Each BKS is coloured and positioned in one of four rows, using the
same convention described above in relation to FIG. 7C. It is
notable in FIG. 7D that the BKS data indicate that this subject was
active (with blue dots in the top row) until about 01:00 during
night periods NP2-NP5, and was "asleep" until at least 07:00 during
night periods NP1, NP2, NP4 and NP5. On NP6 this subject went to
sleep about 3 hours earlier than the other nights and rose shortly
after 03:00, which for example might be indicative of a shift
worker.
[0076] FIG. 7E provides an enlarged view of a portion of the raster
plot of FIG. 7D, illustrating the top row 702 of Active BKS values,
the second row 704 of Inactive BKS values, the third row 706 of
Immobile BKS values, and the fourth row 708 of sleep epoch data
points.
[0077] FIG. 8 shows data obtained from another normal control
subject, using the same plotting conventions as FIG. 7. In
particular, FIG. 8A shows a histogram of BKS values from the second
control subject during the AP (09:00-18:00), and FIG. 8B shows the
BKS values from the NP (23:00-06:00). FIG. 8C shows that this
person falls asleep most nights around 23:00 and awakes around
06:00 each morning and exhibits relatively normal sleep between
those times.
[0078] FIG. 9 shows BKS data obtained from a Person with
Parkinson's (PwP). FIG. 9A shows that, during the AP, this person
exhibits increased Immobile BKS measures. Moreover, FIG. 9B shows
that during the NP a markedly abnormal sleep pattern exists. This
is revealed by very little BKS in either the very immobile or
immobile range as compared to the controls of FIGS. 7B and 8B. The
abnormal sleep is also evidenced in FIG. 9B by way of the increased
Inactive and active data throughout the record, as compared to the
control subjects of FIGS. 7B & 8B. It is noted that the
Active.sub.50 is only modestly elevated in the PwP in FIGS. 9A
& 9B, as compared to the Active.sub.50 in FIGS. 7 and 8.
[0079] FIG. 10 shows the data from another PwP. This subject
exhibits a marked preponderance of Mobile Inactive BKS Values
during the AP, even though there is little Immobility (i.e., little
day time sleep). FIG. 10C shows that the subject is late retiring,
typically falling asleep around 01:00-01:30. FIG. 10C further shows
that this subject has reasonably long periods of "sleep" as shown
by Sleep epochs in the fourth row of each raster plot.
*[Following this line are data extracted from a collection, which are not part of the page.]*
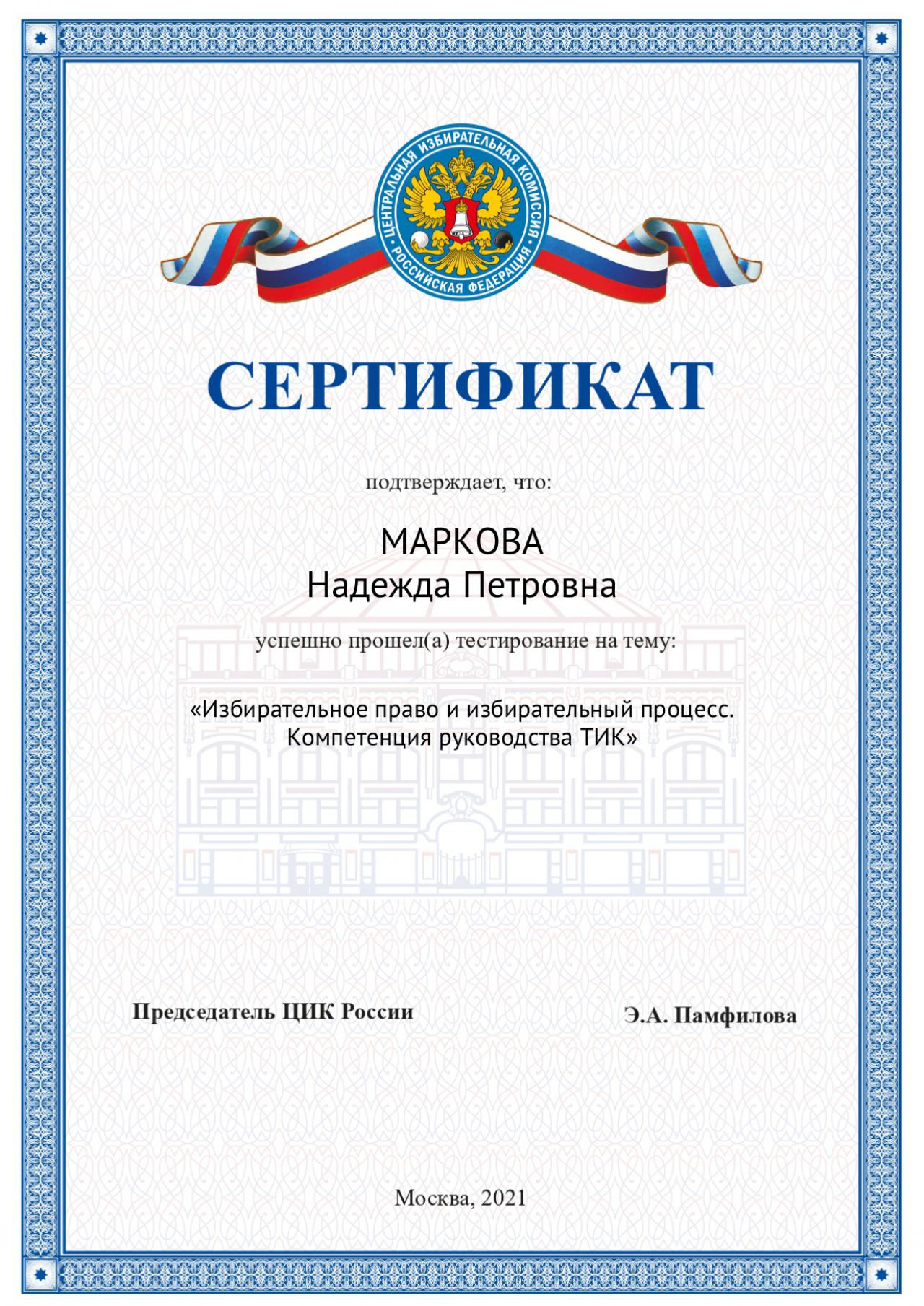 Председатель Территориальной избирательной комиссии №35 Н.П. Маркова успешно прошла тестирование, набрав максимальное количество баллов.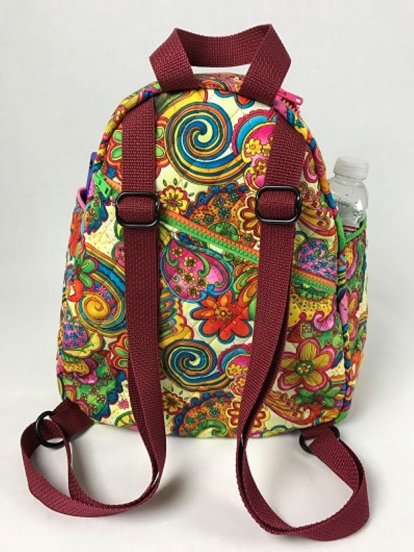 Oval Shaped Backpack with deep gusset and multi pockets (both inside and out) for organizing & beverage. There's even a secret zipper pocket for mad money or extra key to the house! Adjustable strap to carry as backpack or choose the hand held strap. Bring your own fabric. A variety of zipper colors and webbing included in the kit.
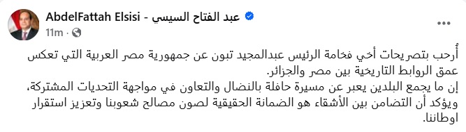قال الرئيس عبد الفتاح السيسى: " أُرحب بتصريحات أخي فخامة الرئيس عبدالمجيد تبون عن جمهورية مصر العربية التي تعكس عمق الروابط التاريخية بين مصر والجزائر.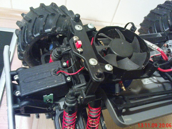 Nun ist ein neuer drin und alles läuft top..Habe die ganzen Stecksysteme gegen Goldstecker ausgetauscht.Zugunsten der Hitzeentwicklung am Akku,Regler und Motor habe ich einen großen Lüfter verbaut den ich mit einer 9V Block Batterie betreibe und der extra geschaltet ist.In der Karosserie habe ich ein paar Lüfterschlitze,wo der Lüfter ansaugt und großräumig über alles drüberbläst..An die Karosserieklemmen habe ich kleine Ringe befestigt zum besser greifen..

However,
when FIG. 10B is considered it can be determined that the Sleep
Quality is poor as shown by a low Immobile.sub.25 (of BKS=101) and
relatively few occurrences of Very Immobile BKS values in FIG. 10B
as compared for example to the strong Very Immobile peaks in FIGS.
7B and 8B for normal subjects. Moreover, in FIG. 10B there exists
relatively increased Inactive BKS at night as compared to FIGS. 7B
and 8B for normal subjects, and the Active BKS has a higher
Active.sub.50 (=25.7) than normal subjects, suggesting night time
bradykinesia.
[0080] As shown in FIGS. 7A & 7B, in which BKS values are
returned on a scale of 0-160, for BKS values greater than 80 the
subject is defined as being Immobile. BKS>80 are thus a
surrogate marker for daytime sleep. When BKS during the NP are
examined in healthy subjects (as in FIG. 7B and FIG. 8B), it is
apparent that most Immobile BKS values are part of a Gaussian
distribution with very high BKS (typically greater than 110) with a
long left sided tail. It is also apparent that People with PD (PwP)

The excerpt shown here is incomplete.